## Exercise
The full listing should be written out verbatim, and its images should be dropped.

## Exercise data
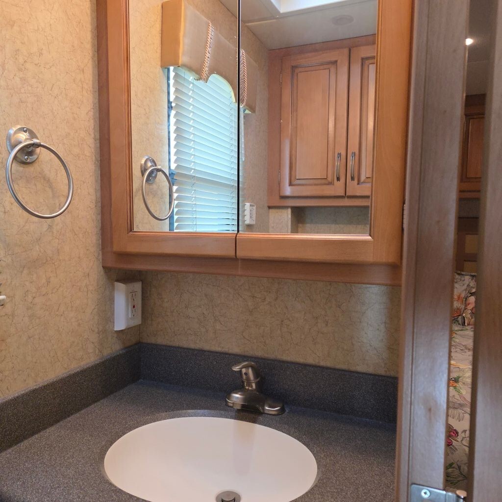 Comfort is assured year-round with dual rooftop A/C units and premium hydronic heating. The mid-coach bath offers residential convenience with a glass-enclosed shower, vanity, medicine cabinet, and private toilet area.
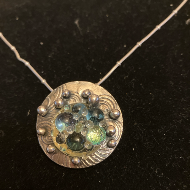 silver bubbles surround an amazing glass cabochon which is full of shimmering glass bubbles
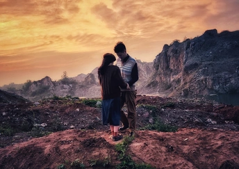 夕阳照在平静的矿坑水面上,去见证他们的美好
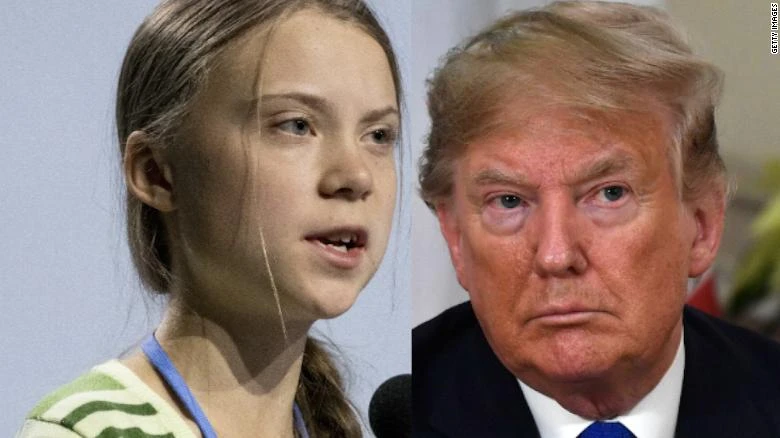 Tổng thống Trump và nhà bảo vệ môi trường 16 tuổi Greta Thunberg. Ảnh: CNN

## Task solution
 Comfort is assured year-round with dual rooftop A/C units and premium hydronic heating. The mid-coach bath offers residential convenience with a glass-enclosed shower, vanity, medicine cabinet, and private toilet area.
 silver bubbles surround an amazing glass cabochon which is full of shimmering glass bubbles
 夕阳照在平静的矿坑水面上,去见证他们的美好
 Tổng thống Trump và nhà bảo vệ môi trường 16 tuổi Greta Thunberg. Ảnh: CNN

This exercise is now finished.